Ce type d’examen commence doucement à se généraliser en France. La ministre déléguée chargée de l’Autonomie Brigitte Bourguignon a annoncé ce 27 octobre que tous les Ehpad en France en recevront «d’ici à la semaine prochaine». Les expériences locales commencent à se multiplier, comme à l’aéroport de Marseille qui est le premier à les proposer. De plus, les pharmaciens de France pourront bientôt les pratiquer. Mais pour le moment, les tests PCR restent la référence.

​Pourtant, les tests antigéniques pourraient également avoir des avantages économiques, selon Gérald Kierzek qui évoque le monde de la nuit. Ce dernier est à l’arrêt depuis de longs mois et sa situation a récemment poussé le célèbre DJ Laurent Garnier à écrire à la ministre de la Culture Roselyne Bachelot afin de tirer la sonnette d’alarme sur un secteur plus que jamais en danger de mort.

«Au lieu de fermer les boîtes de nuit, n’aurions-nous pas eu intérêt à tester les jeunes dans les files d’attente? Vous rentrez si le résultat est négatif et vous partez à l’isolement si c’est positif. Cela serait effectif et il s’agirait d’une prévention proactive. On casserait la dynamique de propagation en repérant les gens contaminés plus vite», explique le docteur Kierzek.

«C’est un peu le même principe qu’avec les tests d’alcoolémie. Vous prenez le volant si vous êtes négatif. Il faut généraliser ce type d’examen pour sécuriser Noël. La prochaine étape sera le test salivaire permettant un autoprélèvement», poursuit-il.

Un hôpital public sous-dimensionné

Le médecin urgentiste appelle également à créer des places d’hôpital.

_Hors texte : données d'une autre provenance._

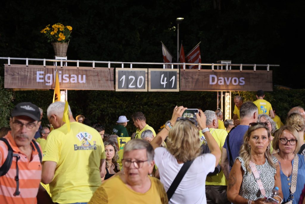 Das Kartenglück ist an diesem Abend eindeutig den Davosern hold, die in der Oberwiler Hitze cool bleiben und den Sieg nach Hause bringen. Im Vorfeld der Sendung sind die Bündner bereits guten Mutes. «Heute bringen wir es heim!», sagen Manuela Hubert und Hans Keller. Sie gehören zum Davoser Fanclub, der rund zwei Tischreihen füllt. Heute müsse es klappen, nachdem die Bündner Gemeinde in Crans-Montana ja verloren hatte, nun aber als einer von zwei «Lucky Loosern» ins Duell gegen Eglisau ging.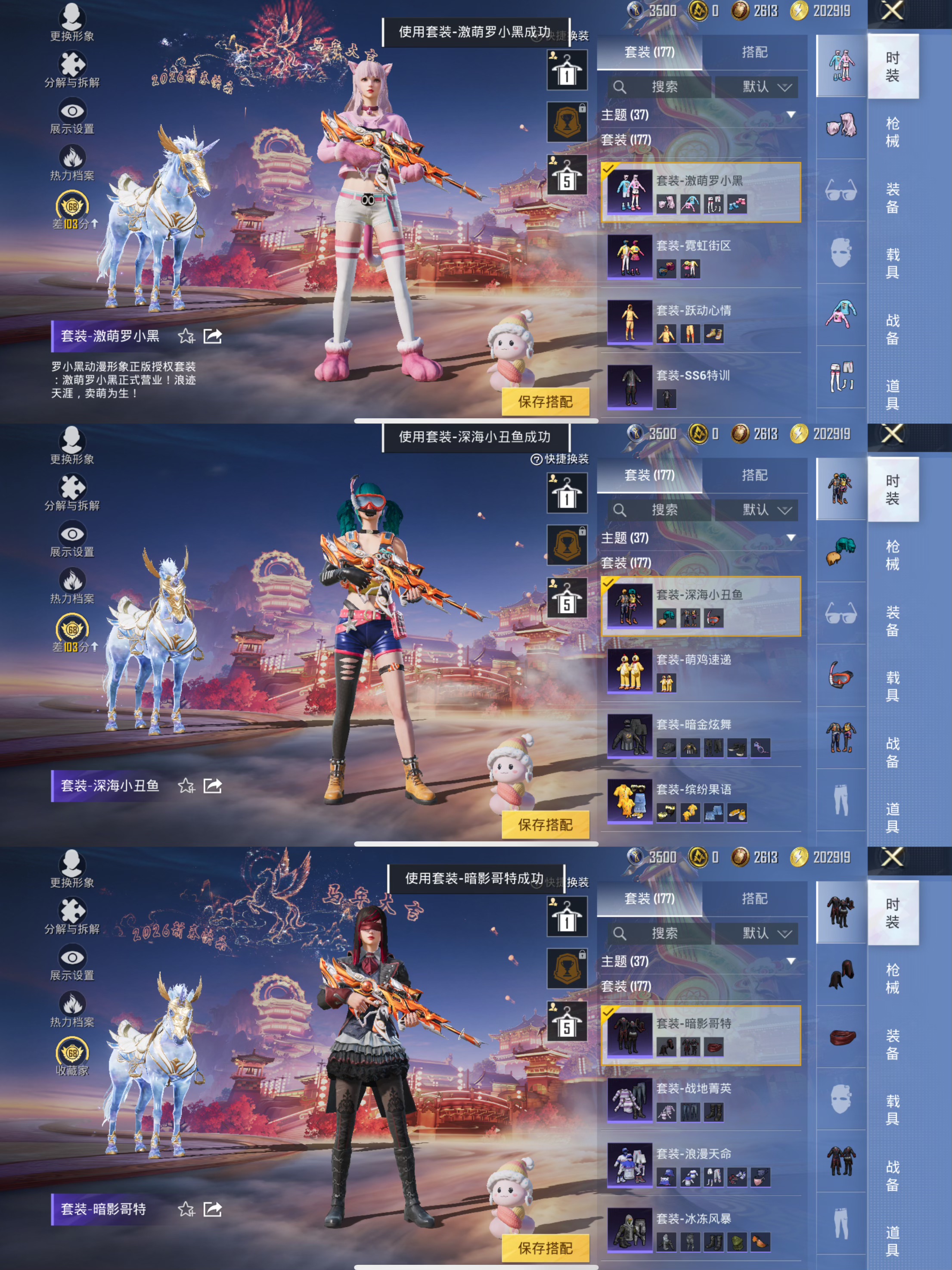 【AUG-星梦奇缘3级 2载具-7粉装-4特效枪 至情至圣9级 巡查衣 深海小丑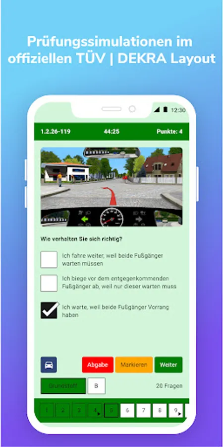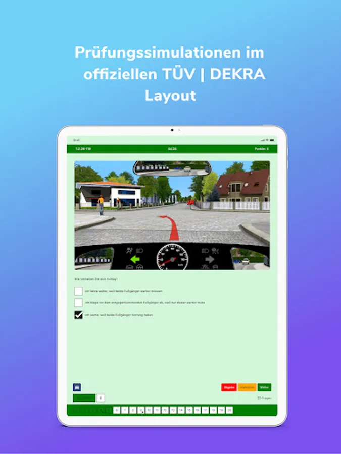 In order to be optimally prepared for the theory test, you can carry out an unlimited number of test simulations in the official TÜV | DEKRA Layout.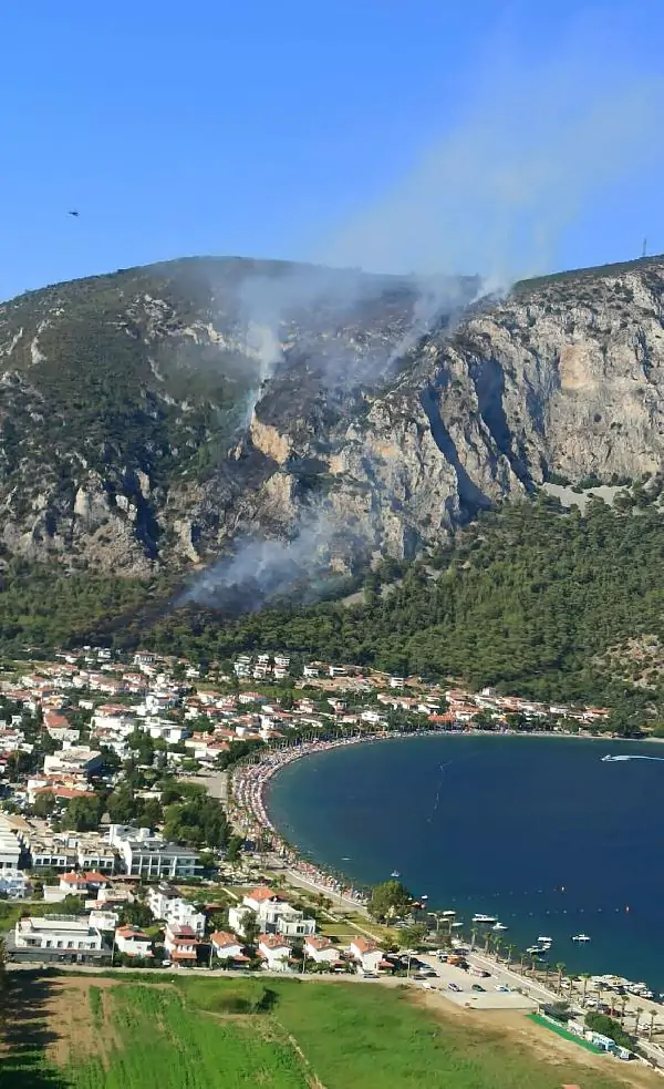 Muğla’nın Milas ilçesinde, saat 15.30’da çıkan orman yangınına 6 helikopter, 3 uçak, 15 arazöz, 2 dozer ve çok sayıda orman işçisi ile müdahale edildi. Ekiplerin havadan ve karadan müdahalesiyle yangın 3 saatte kısmen kontrol altına alındı. (DHA)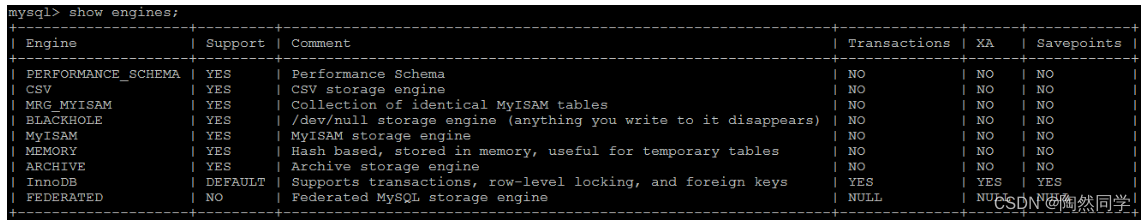 可以通过指定 show engines , 来查询当前数据库支持的存储引擎 :

Le budget de l’hôpital public est grignoté par les gouvernements successifs depuis de longues années. Résultat: le système est fragile. D’après une étude du ministère de la Santé publiée récemment, plus de 3.400 lits d'hospitalisation complète ont été supprimés en 2019.

«À un moment donné, il faudra créer de nouveaux lits d’hôpital dans ce pays. Nous faisons face à un sous-dimensionnement chronique des établissements hospitaliers. C’est terrible pour les gens de savoir qu’au XXIe siècle, la France n’est pas capable de traiter les gens et de les hospitaliser. C’est hallucinant. Ce n’est pas l’épidémie qui est hors de contrôle mais bien l’hôpital qui est sous-dimensionné», alerte Dr. Kierzek.

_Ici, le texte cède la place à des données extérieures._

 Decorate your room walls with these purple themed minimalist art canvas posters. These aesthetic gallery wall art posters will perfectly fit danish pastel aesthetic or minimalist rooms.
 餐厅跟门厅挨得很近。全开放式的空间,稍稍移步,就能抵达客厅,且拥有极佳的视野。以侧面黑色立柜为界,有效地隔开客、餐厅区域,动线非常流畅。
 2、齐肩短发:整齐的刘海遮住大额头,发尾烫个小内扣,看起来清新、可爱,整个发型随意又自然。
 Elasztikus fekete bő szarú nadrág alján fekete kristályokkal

D’après le médecin, le nombre de places en réanimation n’est pas le cœur du problème, au contraire des places normales «dans les lits normaux avec de l’oxygène et de quoi traiter les malades». «Il faut plus de lits d’aval. Rappelons qu’il y a les malades du Covid-19 mais également les malades habituels et ceux dont les soins ont été retardés depuis le dernier confinement. Il faut faire attention à ce que l’on appelle les malades boomerang», souligne-t-il.

 

Invité de BFMTV-RMC ce 27 octobre, Gilles Pialoux, chef du service des maladies infectieuses à l'hôpital Tenon à Paris, a tenu des propos très forts. Selon lui, l'épisode épidémique en cours est «plus critique, plus précoce, plus fort et plus impactant sur la vie de l'hôpital qu’il ne l'était». Gilles Pialoux juge l’hypothèse d'un couvre-feu avancé à 19h et les week-ends «insuffisante». «Il faut reconfiner le pays et laisser de côté l'économie car ça, c'est rattrapable. En revanche, la réanimation loupée, ça ne l'est pas», a-t-il martelé. Il a également pointé la responsabilité des «rassuristes» dans la crise actuelle.

Le Dr. Kierzek appelle quant à lui à ne pas «hystériser» le débat. «Ce n’est pas si manichéen. Il n’y a pas d’un côté les "rassuristes" et de l’autre les alarmistes. Ces derniers ont aussi la responsabilité d’avoir affolé les gens. Il est nécessaire d’être factuel dans cette crise. Augmentons les lits d’hôpital et changeons notre stratégie de test. Je rappelle que l’OMS ne recommande le confinement ou le couvre-feu qu’en dernier ressort. De plus, il faudrait réellement disposer d’une étude pour connaître l’impact du couvre-feu ou du confinement sur la mortalité ou la charge hospitalière. Cela reste à démontrer. Entre "fermons tout" et "ne faisons rien", il existe un juste milieu et c’est ce juste milieu, cette pertinence des actions qui me semblent indispensables.»

«Rappelons que lors de la première vague de confinement, des gens sont morts de solitude. D’autres sont et vont décéder car leur cancer n’a pas été traité. C’est une réalité. À l’inverse, dire que rien se passe est aussi dangereux», conclut le médecin urgentiste.